EXERCISE AIM: Please repeat exactly the lines below from the one containing "Bezdrôtové kinetické spínanie" down to the one containing "Modny pluszowy wisiorek", both included, and nothing else.

DATA EXTRACTS:
[Start of section]

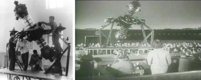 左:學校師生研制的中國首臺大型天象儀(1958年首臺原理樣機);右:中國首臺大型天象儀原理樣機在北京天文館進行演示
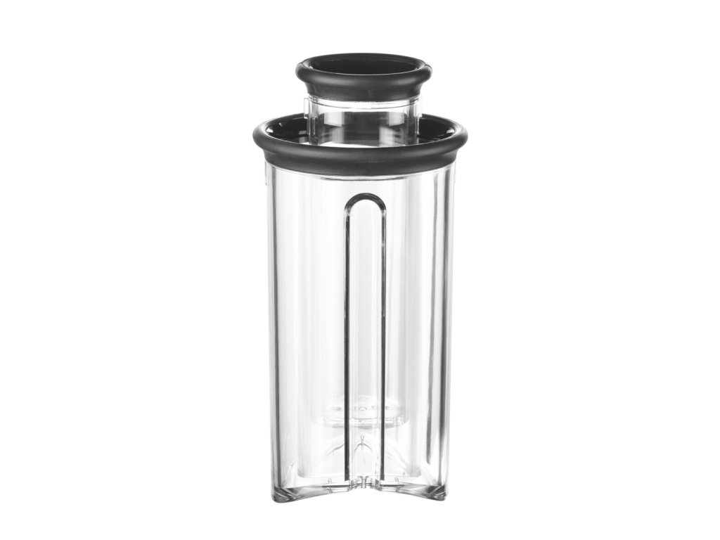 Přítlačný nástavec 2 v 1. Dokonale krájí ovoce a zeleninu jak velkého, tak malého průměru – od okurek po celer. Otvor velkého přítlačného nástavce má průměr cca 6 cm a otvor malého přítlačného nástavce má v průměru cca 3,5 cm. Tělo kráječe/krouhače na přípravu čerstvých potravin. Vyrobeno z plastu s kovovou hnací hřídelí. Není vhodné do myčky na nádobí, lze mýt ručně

[End of section]
[Start of section]

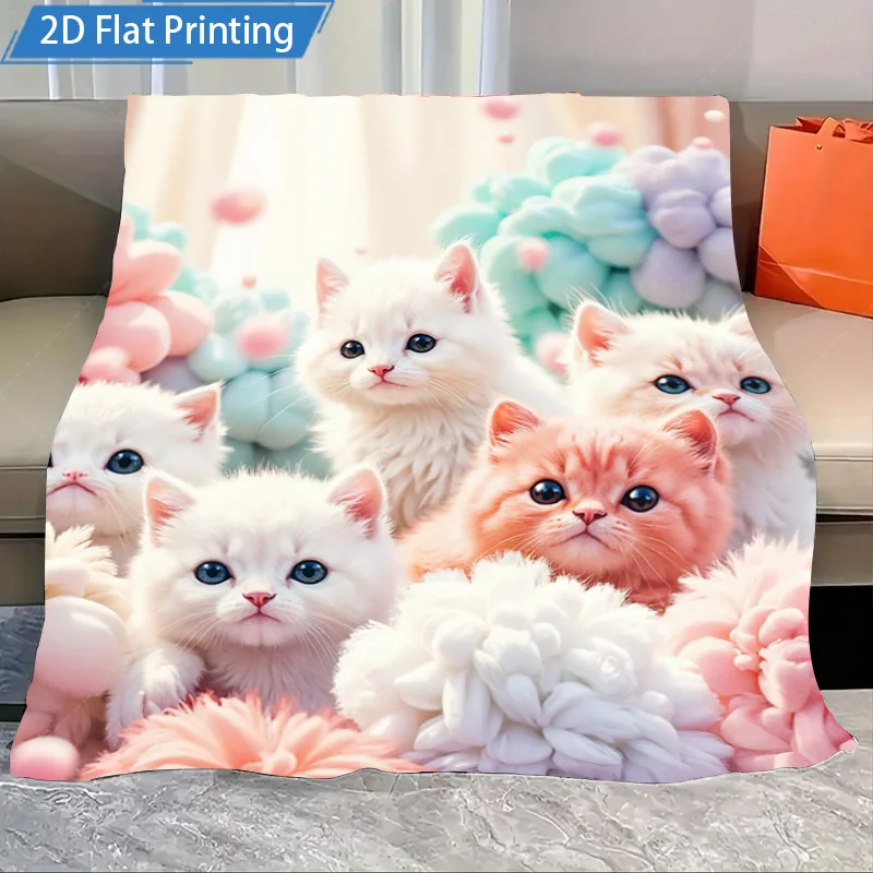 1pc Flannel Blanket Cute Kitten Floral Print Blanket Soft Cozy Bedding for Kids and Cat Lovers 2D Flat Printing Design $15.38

[End of section]
[Start of section]

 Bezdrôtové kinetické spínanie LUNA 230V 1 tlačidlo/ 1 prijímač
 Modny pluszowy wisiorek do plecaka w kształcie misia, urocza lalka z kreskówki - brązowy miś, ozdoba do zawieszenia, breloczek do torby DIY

[End of section]

OUTPUT OF THE TASK:
 Bezdrôtové kinetické spínanie LUNA 230V 1 tlačidlo/ 1 prijímač
 Modny pluszowy wisiorek do plecaka w kształcie misia, urocza lalka z kreskówki - brązowy miś, ozdoba do zawieszenia, breloczek do torby DIY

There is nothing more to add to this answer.